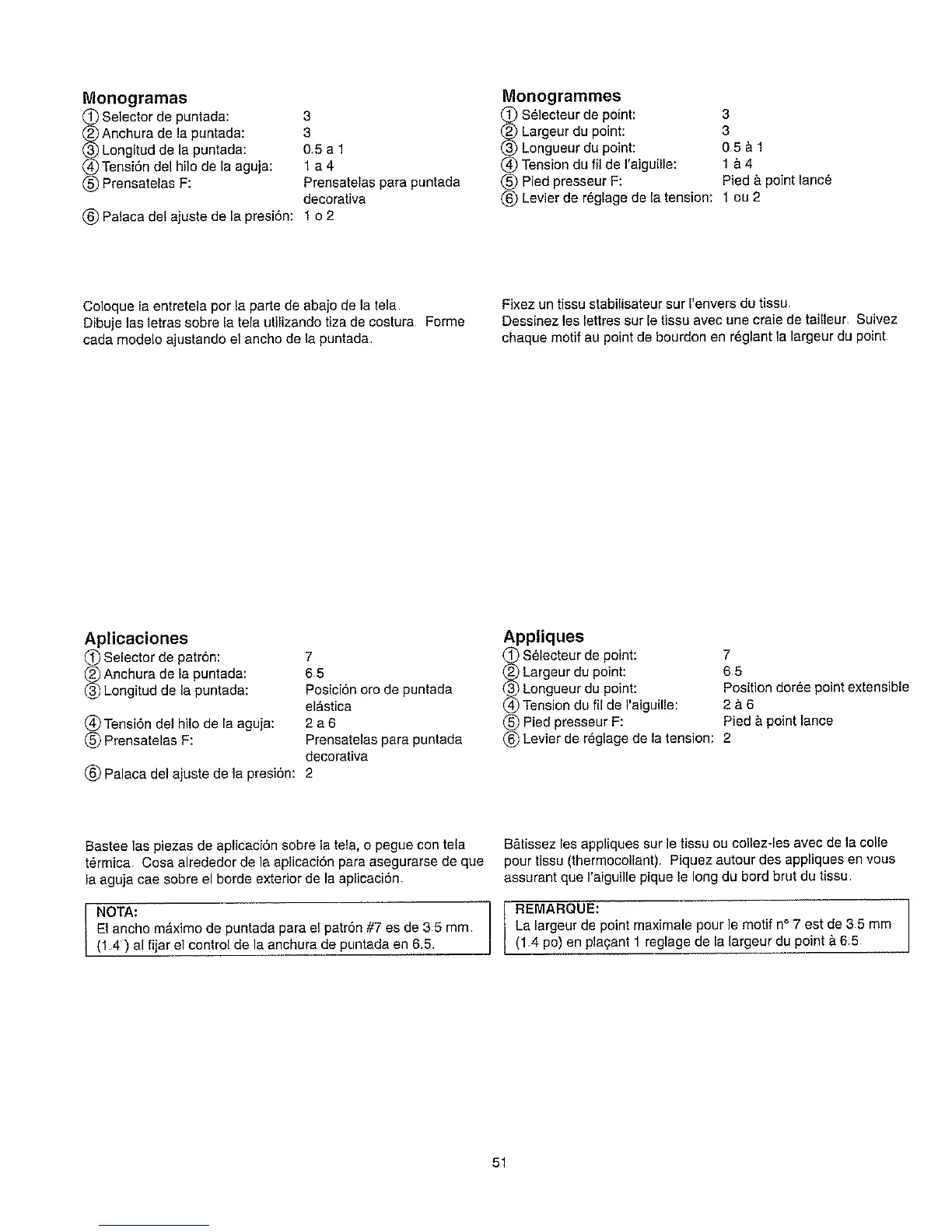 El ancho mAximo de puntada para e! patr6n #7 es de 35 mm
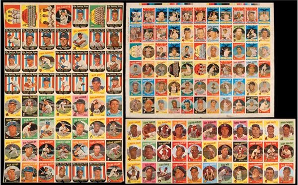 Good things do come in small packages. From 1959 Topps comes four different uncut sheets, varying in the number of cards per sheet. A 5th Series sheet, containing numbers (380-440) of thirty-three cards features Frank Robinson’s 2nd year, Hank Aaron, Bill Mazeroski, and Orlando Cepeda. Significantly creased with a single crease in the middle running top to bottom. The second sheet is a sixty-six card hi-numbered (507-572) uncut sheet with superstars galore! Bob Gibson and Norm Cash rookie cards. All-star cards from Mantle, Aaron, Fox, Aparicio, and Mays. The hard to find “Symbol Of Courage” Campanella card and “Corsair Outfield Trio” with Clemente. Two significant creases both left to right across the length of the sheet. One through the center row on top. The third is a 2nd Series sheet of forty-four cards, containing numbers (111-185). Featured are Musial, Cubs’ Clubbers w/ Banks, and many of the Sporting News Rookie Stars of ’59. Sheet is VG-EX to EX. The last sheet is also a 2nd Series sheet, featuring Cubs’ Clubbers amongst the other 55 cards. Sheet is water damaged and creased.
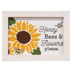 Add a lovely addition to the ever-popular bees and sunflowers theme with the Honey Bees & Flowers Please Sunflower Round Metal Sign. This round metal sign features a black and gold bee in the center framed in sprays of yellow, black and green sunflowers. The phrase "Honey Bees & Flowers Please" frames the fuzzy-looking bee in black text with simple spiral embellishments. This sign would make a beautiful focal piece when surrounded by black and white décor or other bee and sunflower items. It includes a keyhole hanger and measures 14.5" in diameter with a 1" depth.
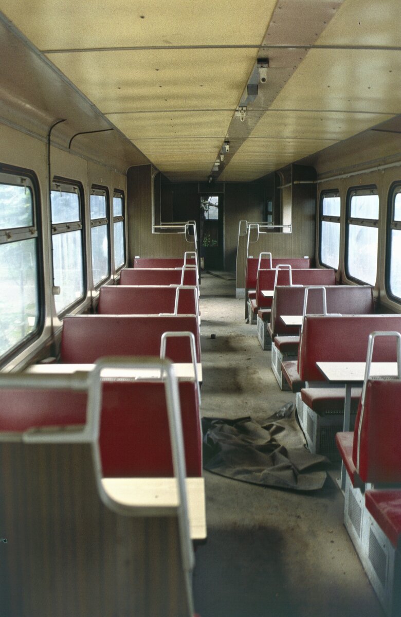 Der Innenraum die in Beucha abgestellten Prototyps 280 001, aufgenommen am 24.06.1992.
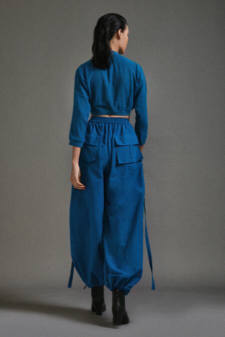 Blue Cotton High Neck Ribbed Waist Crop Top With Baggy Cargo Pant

####

§ Task description: Omit the pictures and return exactly the lines from the line containing "Der Innenraum die" through the final line of the material above, both ends included.

§ Result of this task:
 Der Innenraum die in Beucha abgestellten Prototyps 280 001, aufgenommen am 24.06.1992.
 Blue Cotton High Neck Ribbed Waist Crop Top With Baggy Cargo Pant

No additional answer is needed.